人工知能(AI)分野の進歩は目覚ましく、囲碁のAIが世界最強といわれる中国の囲碁棋士に勝利するまでになった。いまや人間の生活の中にもAI搭載の機器はたくさんある。お掃除ロボ「ルンバ」に代表されるように家電製品、最近では「たためる」洗濯機が話題を呼んだ。AIによる自動運転システムを搭載できる車も発売されている。ロボット産業はますます進歩していくことだろう。

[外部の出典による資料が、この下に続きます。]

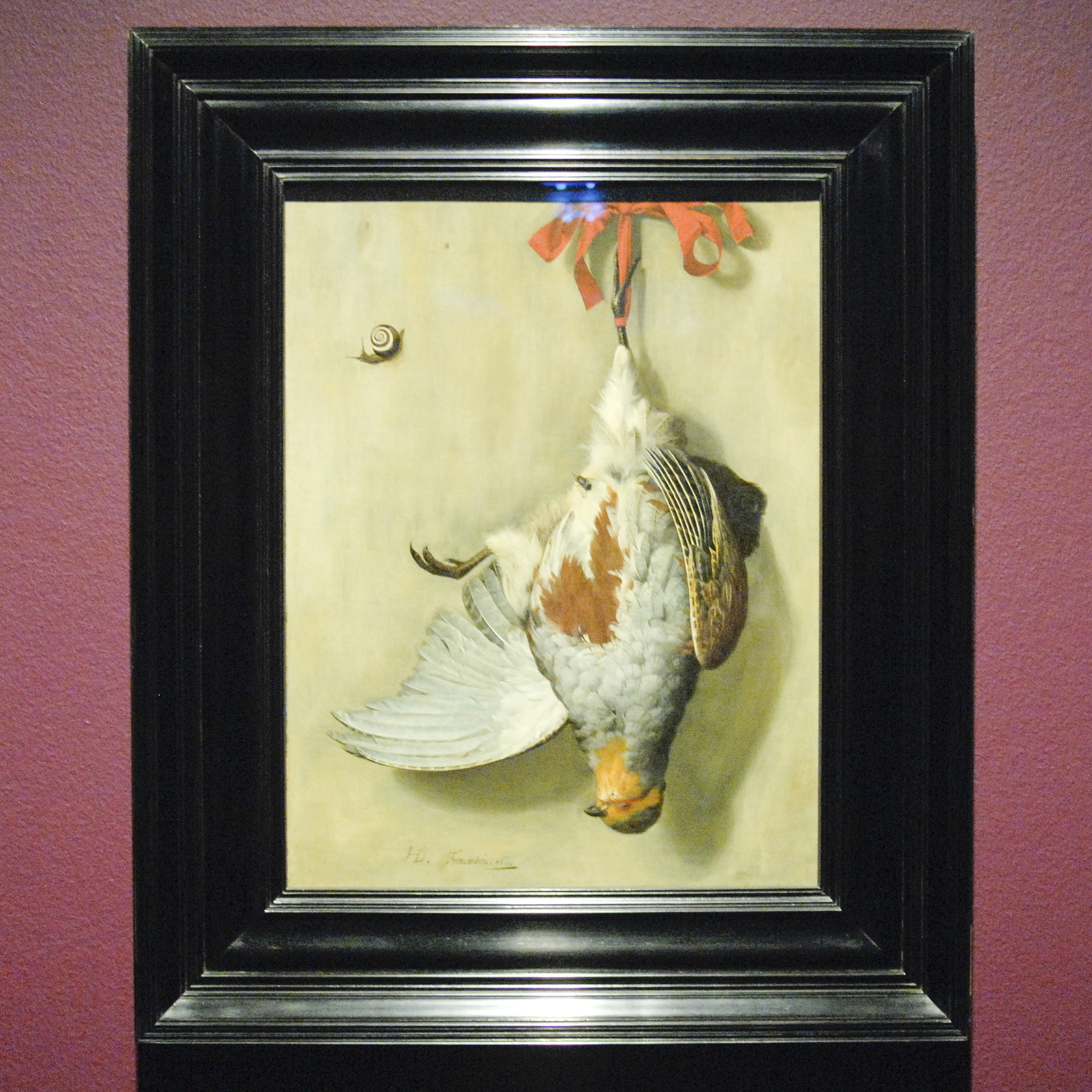 Waarom zijn werk ondanks dat uit het oog geraakt is onduidelijk, maar in elk geval niet vanwege de kwaliteit. De concentratie in het werk van Fromantiou kan zich prima meten met Mignon en Weenix waarvan ook werk te zien is in de tentoonstelling. Het werk van Fromantiou is vergeleken met Mignon zelfs levendiger.

 先日、名古屋市で開催されたロボカップ世界大会を見学した。初めて聞くイベントの名前だったが、20年前から毎年開催されており、「2050年までにサッカーのワールドカップチャンピオンに勝てる、自分の判断で動くことのできるヒューマノイド型ロボットのチームを作る」を目標に世界中の研究者が技術を競っている、と聞くだけで夢が広がる。災害救助や日常生活での利用などさまざまなジャンルでロボットが実用化されており、中でもサッカーは味方を認識してパスを出したり、ゴール目がけてシュートするシーンには驚くほかなかった。

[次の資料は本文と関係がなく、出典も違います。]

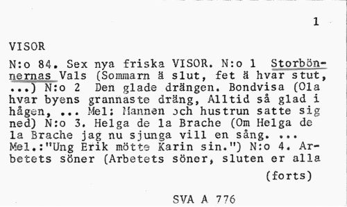 //// 1 //// VISOR //// N:o 84. Sex nya friska VISOR. N:o 1 Storbön-nernas Vals (Sommarn ä slut, fet ä hvar stut, .7.) N:o 2 Den glade drängen. Bondvisa (Ola hvar byens grannaste dräng, Alltid så glad i hågen, ... Mel i Mannen och hustrun satte sig ned) N:o 3. Helga de la Brache (Om Helga de la Brache jag nu sjunga vill en sång. ... Mel.:"Ung Erik mötte Karin sin.") N:o 4. Arbetets söner (Arbetets söner, sluten er alla //// (forts) //// SVA A 7 76 ////

 技術の進歩に夢あふれる未来の到来を感じさせられた一方、製品の製造、案内、電話対応などさまざまな分野で人に代わってロボットが活躍する時代になれば、人は仕事にありつけるのかと心配にもなる。ロボットに支配されるとまでいかなくとも、ロボットと共存する社会といわれる時代はいつかやってくるだろう。だからこそ人は、人間力を磨くことが求められるのではないか。相手の表情から心をくみ取る、雰囲気で察知する、目を見ればわかる、ロボットにはない心の豊かさを磨くこと。いまの時代も、未来も、一番大事なことだと、ロボットを見ていて感じた。     (片)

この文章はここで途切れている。